How to assign a site to a zone?


There are two possible ways to assign a security zone to a URL:
  1. Native Group Policy - MVP colleague Alan Burchill has a nice tutorial on that: http://www.grouppolicy.biz/2010/03/how-to-use-group-policy-to-configure-internet-explorer-security-zone-sites/
  2. Registry (through Group Policy Preferences Registry) - MVP colleague Joseph Moody has a nice tutorial on that: https://deployhappiness.com/managing-internet-explorer-trusted-sites-with-group-policy/
The first method prevents users from adding sites on their own. If this is desired, use it. The second method allows users to add sites on their own. 

What can I add as a site?

Site to zone assignments (s2z) takes URLs. A URL basically has up to 5 parts:
  • Protocol (http, ftp, file...)
  • User and password (ftp://johndoe:johnspass@somehost.dot.com)
  • Hostname (www.bing.com) or IP address
  • Port (wsus.intern.com:8531)
  • Path (evilgpo.blogspot.de/2012/02/loopback-demystified.html) 
s2z always requires a hostname or IP adress - for file:// it requires a server and optionally a share. User and password is never allowed. The protocol is optional. Port and path can be entered in the assignment, but are stripped upon processing.

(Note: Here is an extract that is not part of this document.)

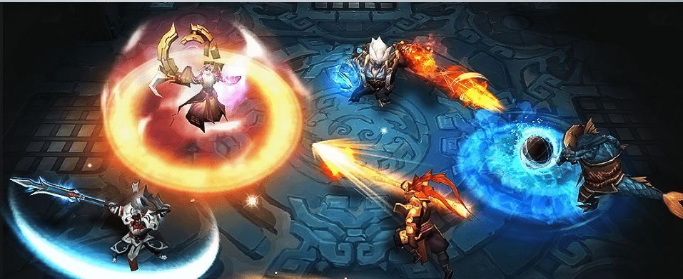 2、双方战队成员按出场顺序进行车轮战,当一方3个英雄全部死亡回合结束;下一回合开始时,胜方保存剩余血量,败方将派出下一位成员,直至一方所有成员失败,则结束战队对战。

If a hostname is provided, it must be either a plain hostname (no domain part) or a FQDN that consists of at least 3 parts. Hosts in root domains are not possible. If the FQDN consists of 3 parts only, the second level domain must have more than 2 characters in Windows versions prior to 10.

In addition, s2z supports wildcards. To be precise, it supports exactly 2 asterisk wildcards - one for the protocol and one for the plain host name in a FQDN or for the last part of an IP address. Repeat that: It is only 2 * wildcards (no ?), and they are only allowed for the protocol and for the plain host name or last IP address part - nowhere else.

If you have invalid entries, all valid entries will be still processed. s2z will log an event to the group policy eventlog with ID 1085 and error code 87 ("The parameter is incorrect"). Unfortunately, it will not add the site that caused the error to the event nor will it add the GPO that contained that entry.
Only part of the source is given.